J’ai pris le parti de retourner à l’atelier, l’impression m’aiderait probablement à contrôler cette colère et cette inquiétude qui me bouffaient de l’intérieur. Mais alors que je franchissais la porte de chez nous, mon portable sonna. Sautant dessus, j’ai été surpris, mais rassuré, d’entendre la voix de Liv. Bien plus terrifié par ce qu’elle allait m’annoncer. C’était pour maintenant. Sans plus attendre, j’ai couru à l’intérieur, récupérant la valise qu’elle avait préparée et cachée sous notre lit depuis un moment déjà, avant de foncer vers l’hopital, où j’arrivais quelques minutes plus tard. Entrant dans la pièce, j’ai vu qu’elle commençait doucement à se réveiller… M’approchant timidement, j’ai serré sa main dans la mienne :
- J’suis désolé de ne pas avoir été là avant. J’ai essayé. Ils ne m’ont pas laissé rester avec toi.

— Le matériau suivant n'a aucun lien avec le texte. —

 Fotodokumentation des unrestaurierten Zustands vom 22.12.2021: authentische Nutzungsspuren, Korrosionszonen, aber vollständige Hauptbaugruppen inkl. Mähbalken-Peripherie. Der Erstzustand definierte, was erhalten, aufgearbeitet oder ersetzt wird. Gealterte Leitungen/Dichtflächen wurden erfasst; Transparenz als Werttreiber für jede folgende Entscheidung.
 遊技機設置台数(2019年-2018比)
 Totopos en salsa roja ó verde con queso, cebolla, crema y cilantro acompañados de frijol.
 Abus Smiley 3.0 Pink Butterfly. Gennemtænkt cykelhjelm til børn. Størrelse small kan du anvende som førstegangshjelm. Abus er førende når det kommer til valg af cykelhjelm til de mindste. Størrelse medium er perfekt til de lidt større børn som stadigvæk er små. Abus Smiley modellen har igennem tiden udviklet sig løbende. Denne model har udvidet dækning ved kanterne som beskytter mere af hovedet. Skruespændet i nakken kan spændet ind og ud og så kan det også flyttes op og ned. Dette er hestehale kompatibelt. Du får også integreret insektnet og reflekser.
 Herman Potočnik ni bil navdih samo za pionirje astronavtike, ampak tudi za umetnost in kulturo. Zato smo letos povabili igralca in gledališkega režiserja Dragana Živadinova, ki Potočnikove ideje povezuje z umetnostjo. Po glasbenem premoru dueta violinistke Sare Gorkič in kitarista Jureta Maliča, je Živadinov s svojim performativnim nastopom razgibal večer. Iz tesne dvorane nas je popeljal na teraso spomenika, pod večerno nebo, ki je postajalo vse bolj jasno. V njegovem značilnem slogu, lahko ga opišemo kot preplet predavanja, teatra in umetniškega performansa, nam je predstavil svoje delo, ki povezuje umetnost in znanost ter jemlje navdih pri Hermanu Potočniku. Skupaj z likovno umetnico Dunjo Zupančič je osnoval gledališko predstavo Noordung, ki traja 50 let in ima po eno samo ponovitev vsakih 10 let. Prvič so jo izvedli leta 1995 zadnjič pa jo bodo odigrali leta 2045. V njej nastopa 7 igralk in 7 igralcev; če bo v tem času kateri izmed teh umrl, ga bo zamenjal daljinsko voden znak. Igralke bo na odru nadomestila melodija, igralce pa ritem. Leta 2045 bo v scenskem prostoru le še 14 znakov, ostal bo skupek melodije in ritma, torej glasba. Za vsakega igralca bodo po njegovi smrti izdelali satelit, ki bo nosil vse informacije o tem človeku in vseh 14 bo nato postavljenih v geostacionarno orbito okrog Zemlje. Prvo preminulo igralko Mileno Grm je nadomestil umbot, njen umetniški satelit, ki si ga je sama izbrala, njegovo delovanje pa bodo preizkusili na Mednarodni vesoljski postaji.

Sentant sa main serrer la mienne plus fort, avant de voir son visage se déformer, j’ai demandé inquiet :
- Est ce que ça va ??Avant de déposer un baiser sur son front, comprenant ce qu’il venait de se passer, caressant sa joue, priant pour trouver un moyen de la rassurer :
- Mais non… Tout va bien se passer. Je suis là. J’te laisse pas. Adam est chez tes parents. Et bientôt, on aura la plus belle petite fille qu’on ait jamais vu.Moi ? Gaga ? À peine. J’avais beau avoir peur, moi aussi, je tentais de ne rien laisser paraître. La curiosité et l’envie d’avancer l’emportaient sur ma peur dévorante.